Now, combine that with Gary’s advice: after the reset, start searching for “positivity,” “hope,” “generosity,” “kindness,” and whatever else you actually want more of in your life. Like a monk tuning the frequency of a sacred bell, you can train the machine to hum to your frequency instead of the other way around. This is where the algorithm becomes an extension of your will, not your weakness.
But there’s a deeper caution here. Even with this newfound control, the algorithm still has power. And if you aren’t careful, it will take the wheel again the moment you let your guard down. It’s like training a dog that’s part golden retriever, part velociraptor. Feed it the wrong thing, and suddenly it’s dragging you back into chaos.
The emotional tug here is simple: if we don’t curate our feeds, we outsource the curation of our lives. We hand over our internal compass to an engine whose only goal is engagement, not enrichment.
Credit Cards, Cat Videos, and Choosing Your Reality
In that earlier post, I compared the algorithm to credit card companies. They start with a little data—where you shop, what you buy, how often—and from that, they build a model of your desires. Over time, they don’t just reflect who you are; they anticipate who you might become. If you let them. Social media does the same. But instead of just predicting your purchases, it predicts your politics, your mood, your friendships. And worse, it feeds you the distorted version of your own curiosity until you start believing that’s all the world has to offer.
So is there a crossover between the Gary Vee “you are the algorithm” idea and the invisible influence of financial algorithms? Maybe not in a straight line. But in both cases, the deeper truth is this: systems evolve based on inputs. The difference is that credit card companies won’t let you press a reset button. Instagram just did. Use it.
We live in a world where a single pause on a cat video means you’re now “interested in felines” for the next three months.
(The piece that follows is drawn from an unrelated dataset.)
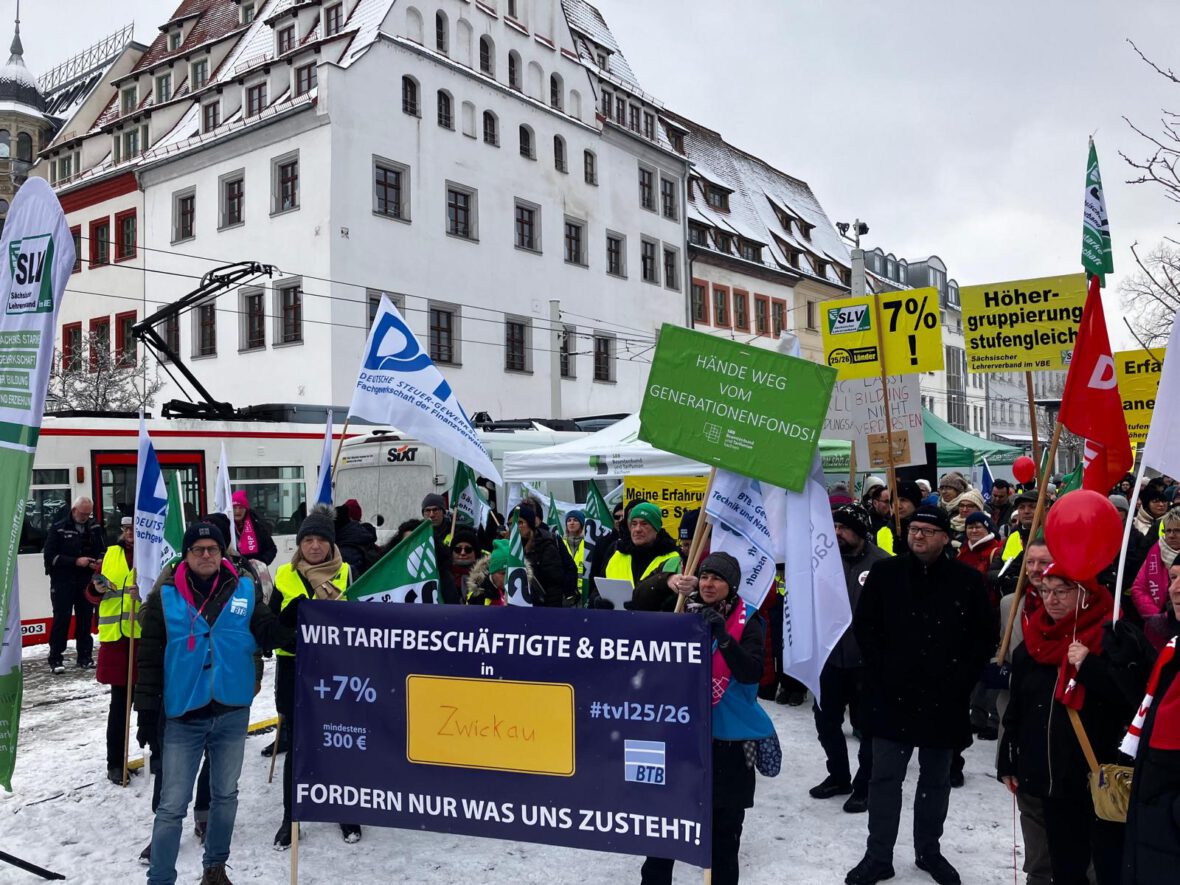 Die Warnstreiks in Sachsen finden regional gestaffelt statt. Nach Leipzig, Dresden und Zwickau folgen in den nächsten beiden Tagen Chemnitz und Bautzen. Zum landesweiten Warnstreik am 29. Januar 2026 sind alle sächsischen Lehrkräfte aufgerufen. Ziel ist es, den Druck vor der entscheidenden dritten Verhandlungsrunde am 11. Februar 2026 weiter zu erhöhen. →Mehr dazu im Beitrag

That’s the reality we’ve allowed. But what if we turned that around? What if your next three months were built around optimism, gratitude, connection, purpose?
You have more power than you think. You are not just a consumer of information—you’re a creator of context. Every tap, every search, every ignored video is a seed planted in the garden of your own mind.
The question is: are you growing flowers… or weeds?